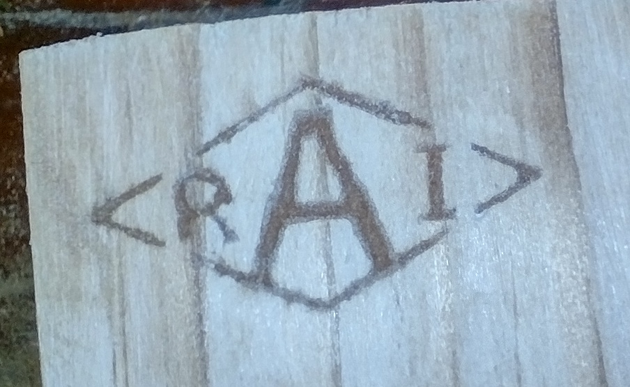 I also experimented with ‘inlay’. I glued the logo onto a spare piece of wood and cut away the logo with a scalpel. I filled the gaps with glue plus darker wood powder and got this:
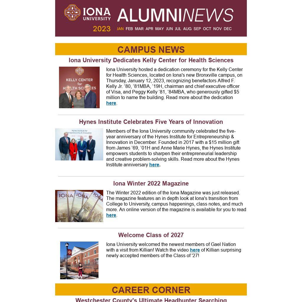 The Winter 2022 edition of the Iona Magazine was just released. The magazine features an in depth look at Iona's transition from College to University, campus happenings, class notes, and much more. An online version of the magazine is available for you to read here.
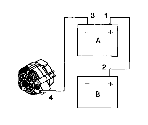11. The final connection (4) is made to a solid engine Ground (such as the generator mounting bracket), at least 450 mm (18 in) from the discharged battery (8).
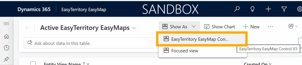 If you have just completed an EasyMaps configuration record, click Save and Close on the record form. After saving, you will be returned to the grid view, where you can see the list of your configuration records. To view the map with your configuration applied, click Show as in the command bar and select EasyTerritory EasyMap Control.

▶ What is required
The expected response is every line of the material, written out exactly, with the images removed.

▶ The completed task
 I also experimented with ‘inlay’. I glued the logo onto a spare piece of wood and cut away the logo with a scalpel. I filled the gaps with glue plus darker wood powder and got this:
 The Winter 2022 edition of the Iona Magazine was just released. The magazine features an in depth look at Iona's transition from College to University, campus happenings, class notes, and much more. An online version of the magazine is available for you to read here.
11. The final connection (4) is made to a solid engine Ground (such as the generator mounting bracket), at least 450 mm (18 in) from the discharged battery (8).
 If you have just completed an EasyMaps configuration record, click Save and Close on the record form. After saving, you will be returned to the grid view, where you can see the list of your configuration records. To view the map with your configuration applied, click Show as in the command bar and select EasyTerritory EasyMap Control.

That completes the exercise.